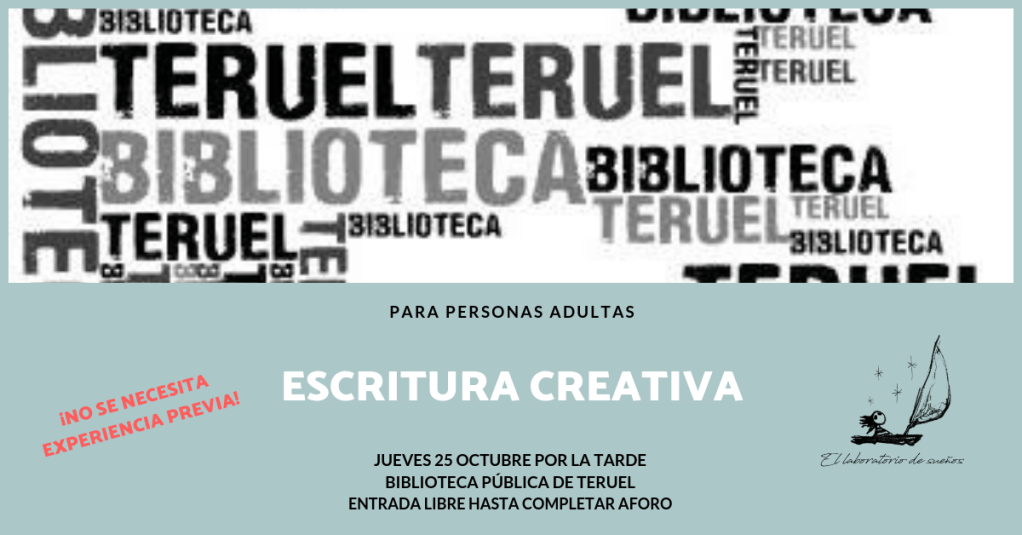 ¡Nos vamos a Teruel! El jueves 25 de octubre, por la tarde, nos llevaremos a la Biblioteca Pública de Teruel uno de nuestros divertidos talleres de escritura creativa, para personas adultas, en el que enseñaremos las herramientas básicas para construir y estructurar un texto narrativo. ¡Corre la voz si estás por la zona! 📢📢
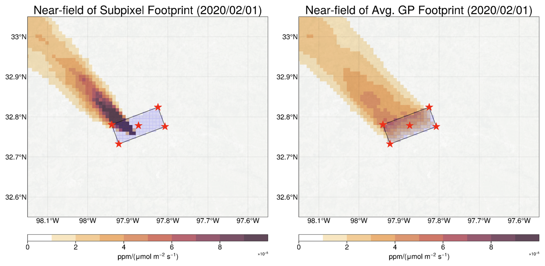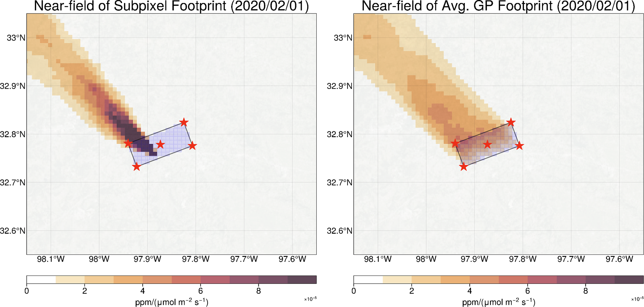 Figure A1Construction of the TROPOMI footprint at 1 × 1 km2 spatial resolution. Red stars indicate the bounding box and center of the TROPOMI pixel. Light blue boxes are 1 × 1 km2 grid cells within the TROPOMI bounding box. Left panel shows a X-STILT footprint for a single 1 × 1 km2 subpixel within the TROPOMI bounding box. Right panel shows the average footprint for all subpixels within the TROPOMI bounding box. The average footprint gives a lower maximum sensitivity but distributes it over a wide region. We also observe a gradient across the TROPOMI bounding box with increased sensitivity on the upwind (Northern) edge.
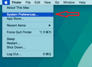 مطابق تصویر زیر بر روی Apple در گوشه تصویر ، کلیک کرده و از زیرمنوی آن گزینه System Preferences را انتخاب کنید.
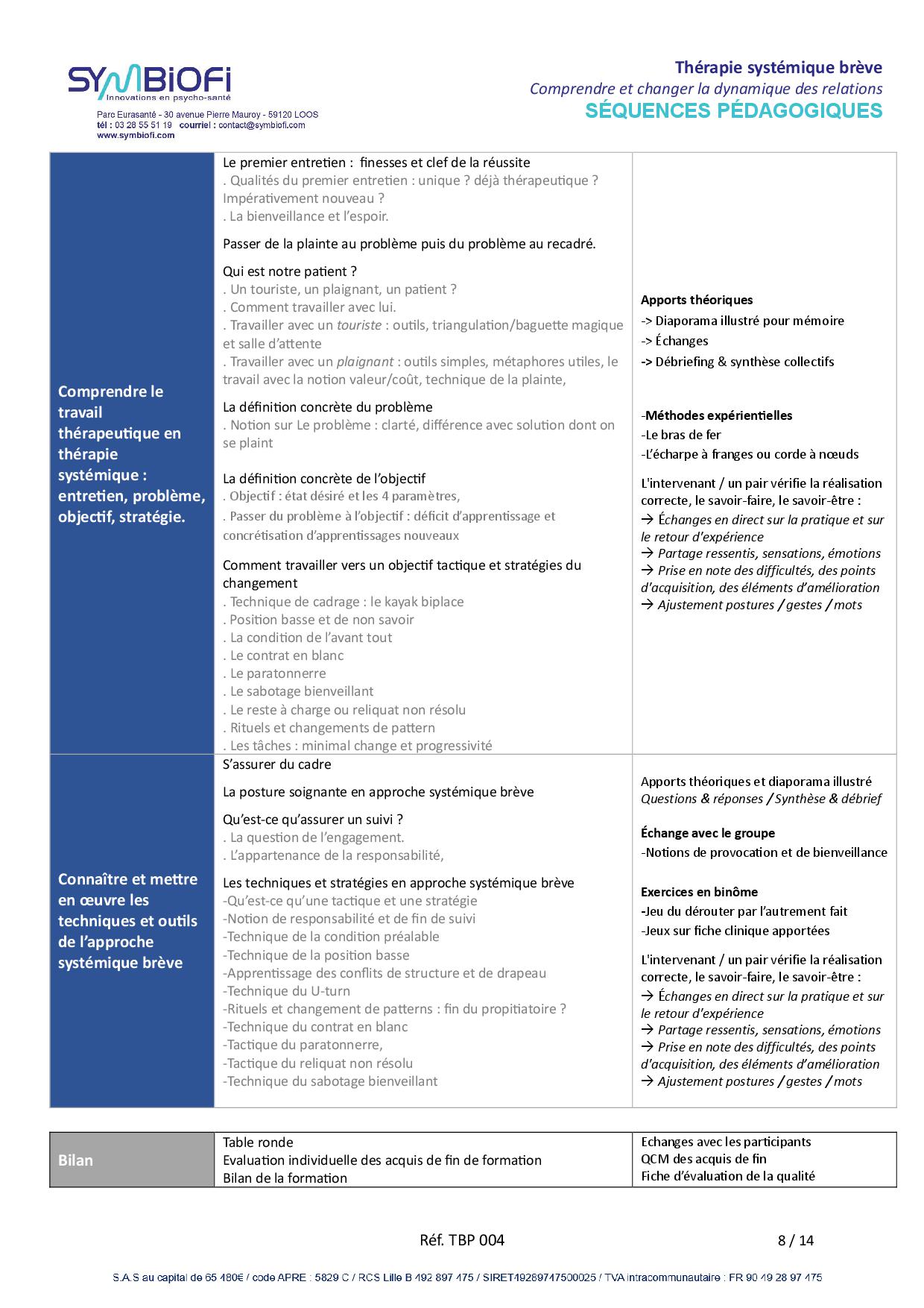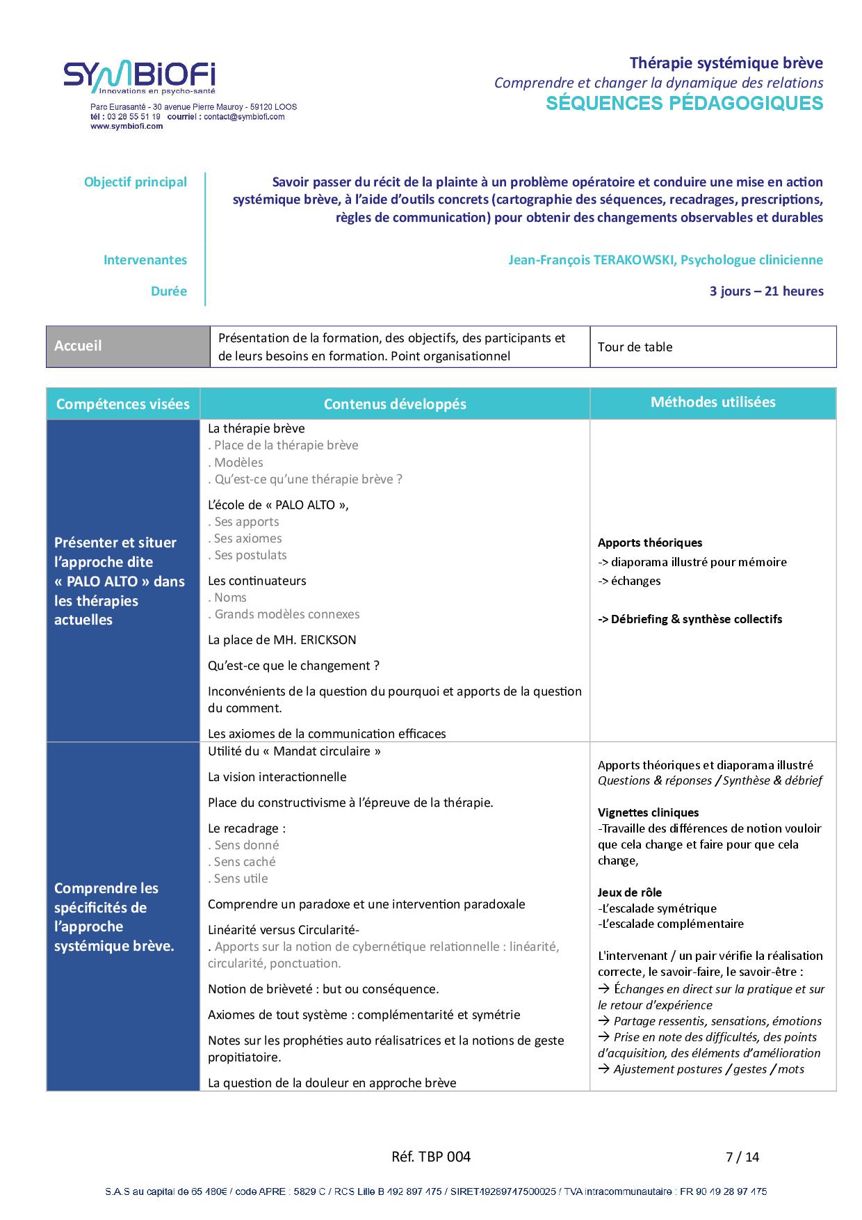 Objectif de la formation Thérapie systémique brève : savoir passer du récit de la plainte à un problème opératoire et conduire une mise en action systémique brève, à l’aide d’outils concrets (cartographie des séquences, recadrages, prescriptions, règles de communication) pour obtenir des changements observables et durables.
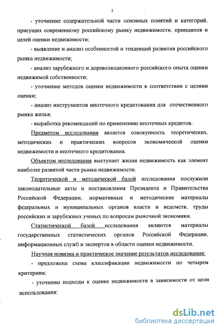 Целью диссертационной работы является разработка методических основ экономической оценки недвижимости в условиях России в соответствии с целями оценки и выбор ипотечных инструментов кредитования для активизации инвестиционной деятельности.

_Exercise prompt_
Your reply should consist solely of the lines from the one containing "Objectif de la" through the last line of the material, reproduced exactly and without pictures.

_Response box_
 Objectif de la formation Thérapie systémique brève : savoir passer du récit de la plainte à un problème opératoire et conduire une mise en action systémique brève, à l’aide d’outils concrets (cartographie des séquences, recadrages, prescriptions, règles de communication) pour obtenir des changements observables et durables.
 Целью диссертационной работы является разработка методических основ экономической оценки недвижимости в условиях России в соответствии с целями оценки и выбор ипотечных инструментов кредитования для активизации инвестиционной деятельности.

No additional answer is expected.